On Mon, Nov 21, 2011 at 10:34 AM, Edward Capriolo <edlinuxg...@gmail.com>wrote:

>
>
> On Mon, Nov 21, 2011 at 10:07 AM, Dan Hendry <dan.hendry.j...@gmail.com>wrote:
>
>> Pretty sure your argument about indirect blocks making large files
>> inefficient only pertains to ext2/3 and not ext4. It seems ext4 replaces
>> the
>> 'indirect block' approach with extents
>> (
>> http://kernelnewbies.org/Ext4#head-7c5fd53118e8b888345b95cc11756346be4268f4
>> , http://en.wikipedia.org/wiki/Ext4#Features).
>>
>> I was not aware of this difference in the file systems and it seems to be
>> a
>> compelling reason ext4 should be chosen (over ext3) for Cassandra - at
>> least
>> when using size tiered compaction.
>>
>>
If you are using a Redhat distribution, at least in the 5.x series, make
sure that you pass in a '-O extent' option when you create the filesystem.
Otherwise extents are not enabled by default.

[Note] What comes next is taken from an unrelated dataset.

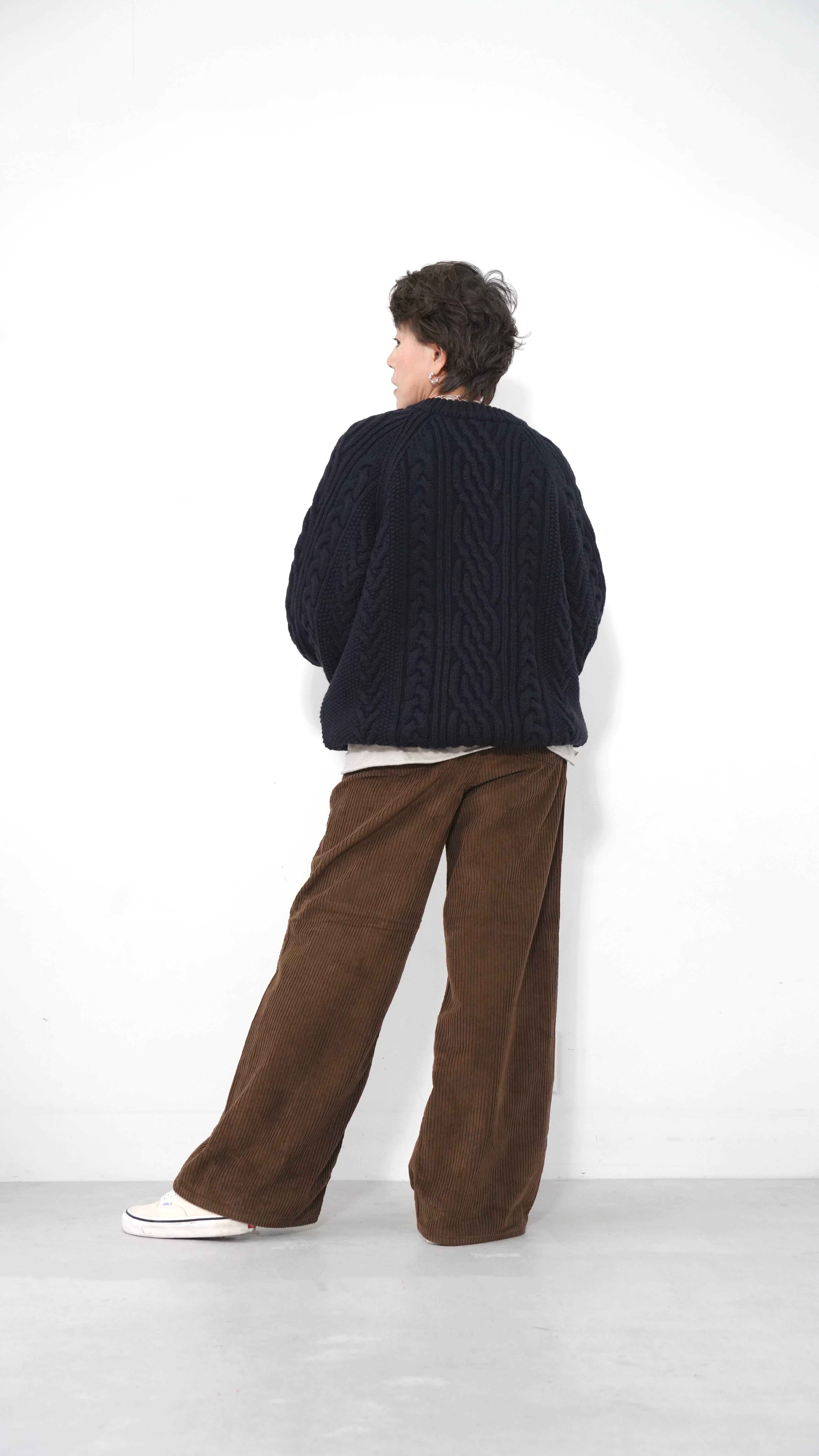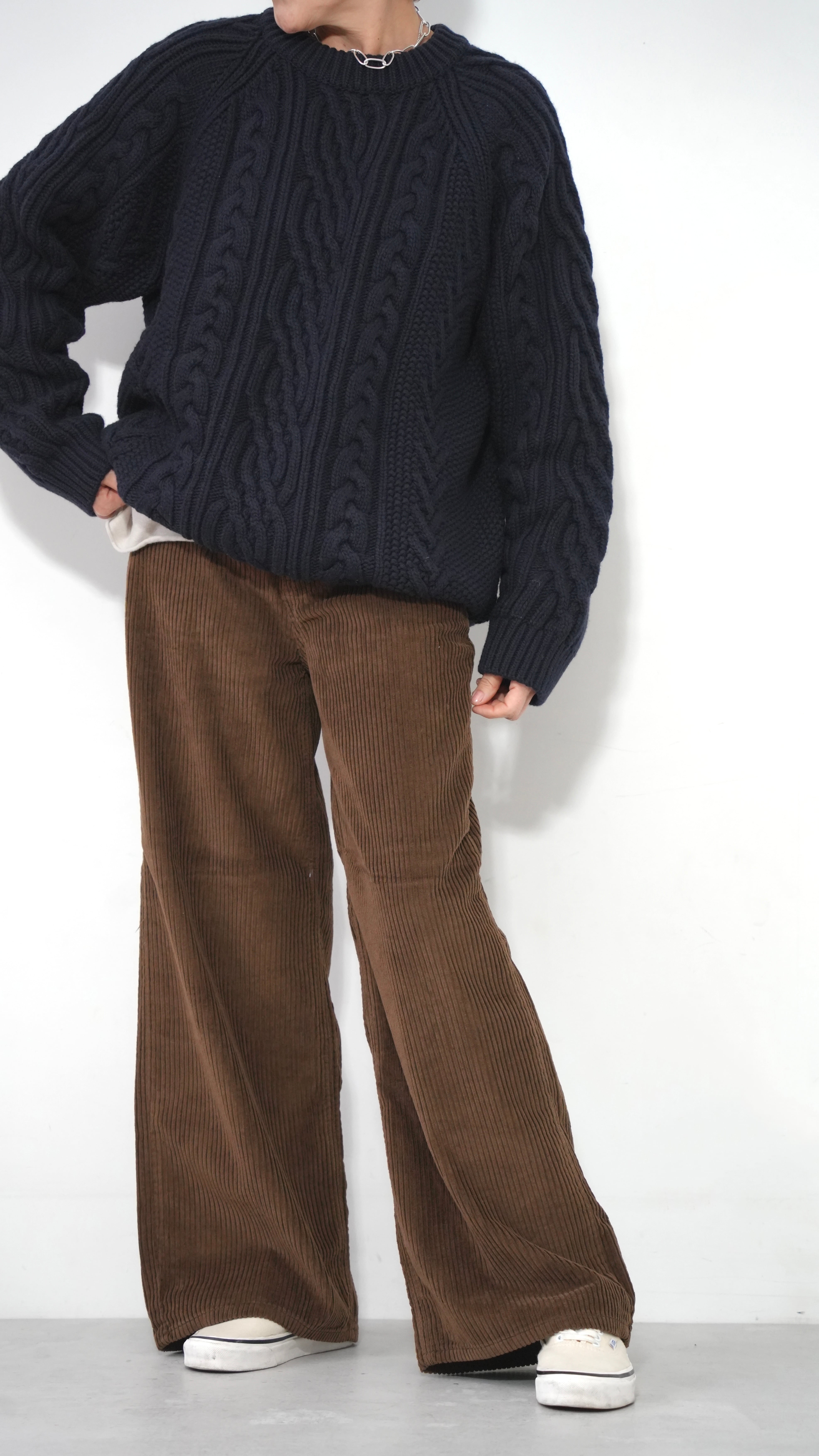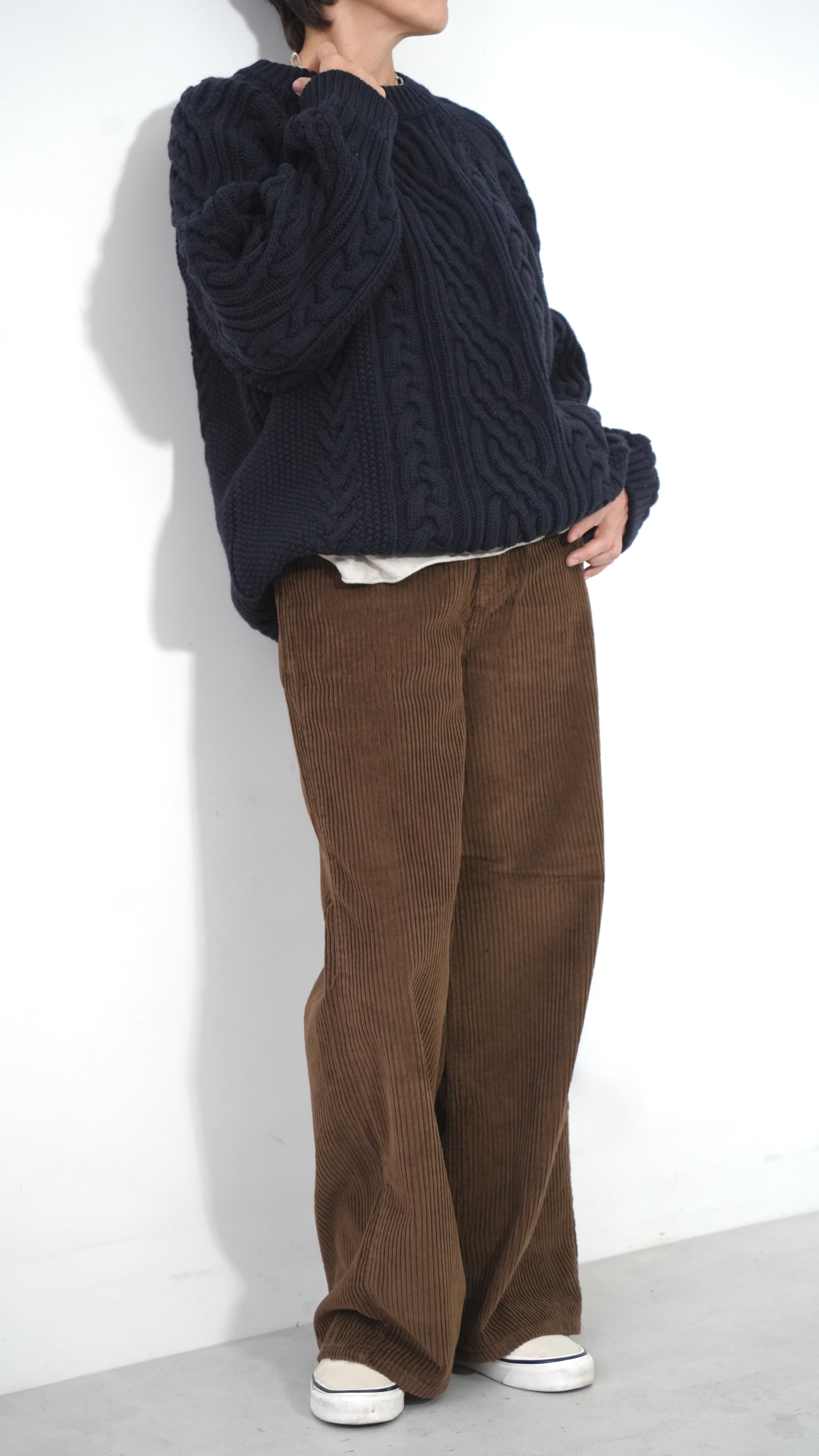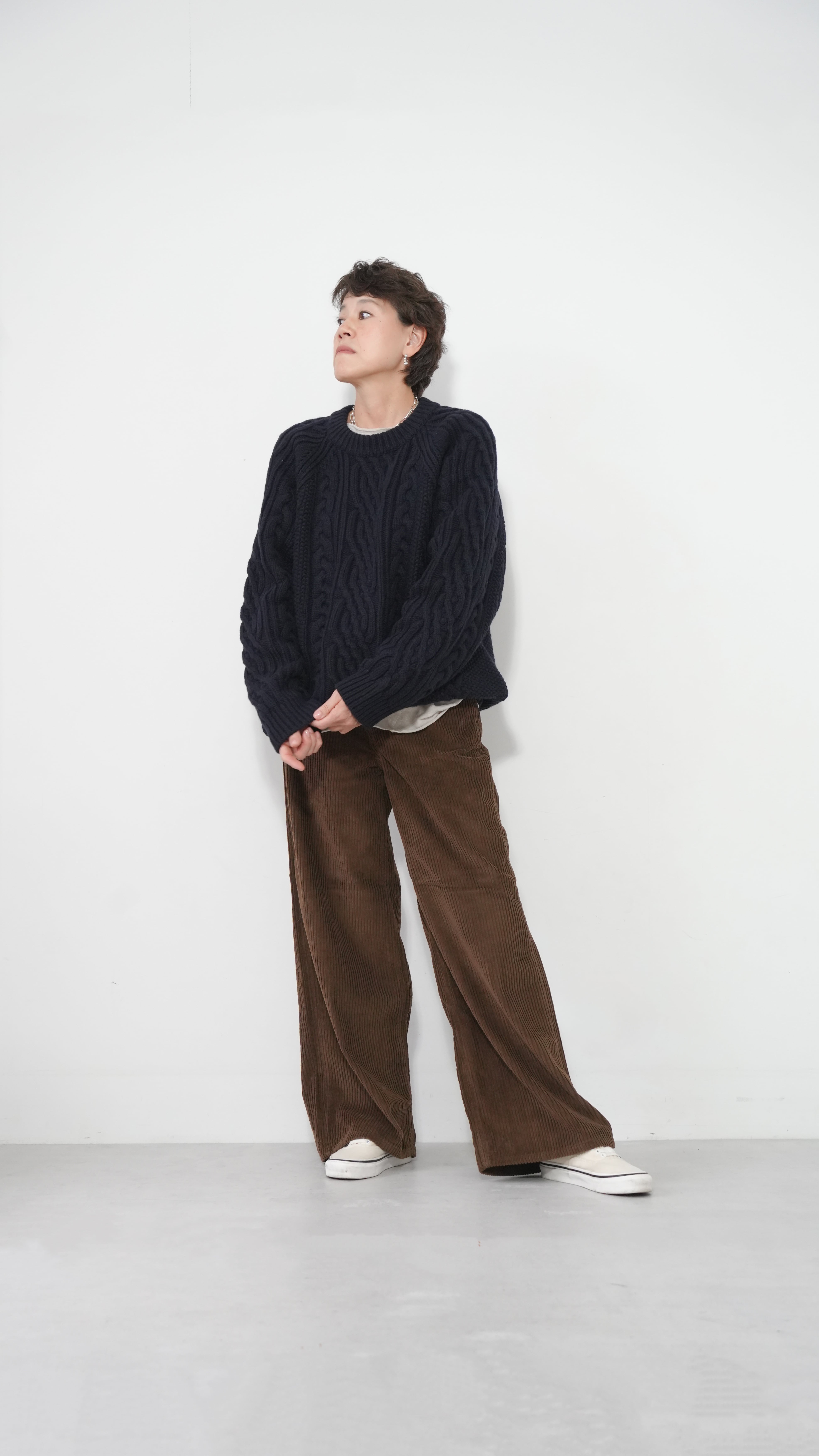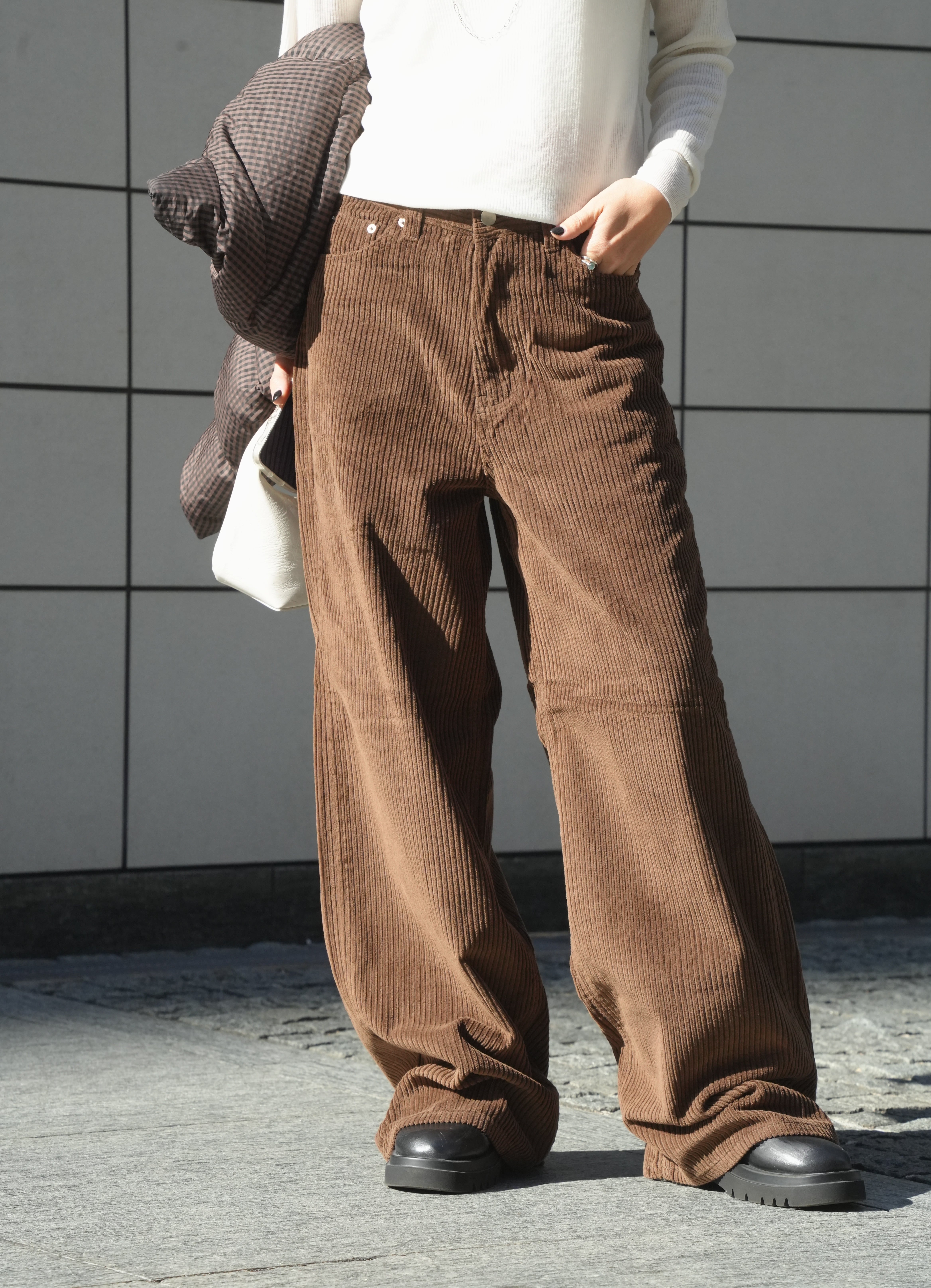 70年代を彷彿とさせるヴィンテージライクな表情があり、落ち着いたカラーが、大人の落ち着いた雰囲気を感じさせるワイドパンツ。

> IMHO there is only one good reason left to use ext3. For a 100MB /boot
> partition since the boot loaders have an easier time with it.
>
> EXT4 is better then EXT3 in every way. It is the default formatting for
> RHEL. Do not fight the future.
>
>
> http://www.edwardcapriolo.com/roller/edwardcapriolo/entry/a_great_reason_to_use
>
>
I agree with ext4 being superior to ext3 but some constructive feedback
about your graphs.

You might want to add a legend or point out the before and after if you
want to show difference between ext3 and ext4. I can kind of see that
something might have changed on the Friday but without a legend it makes it
hard to see the point you are trying to make.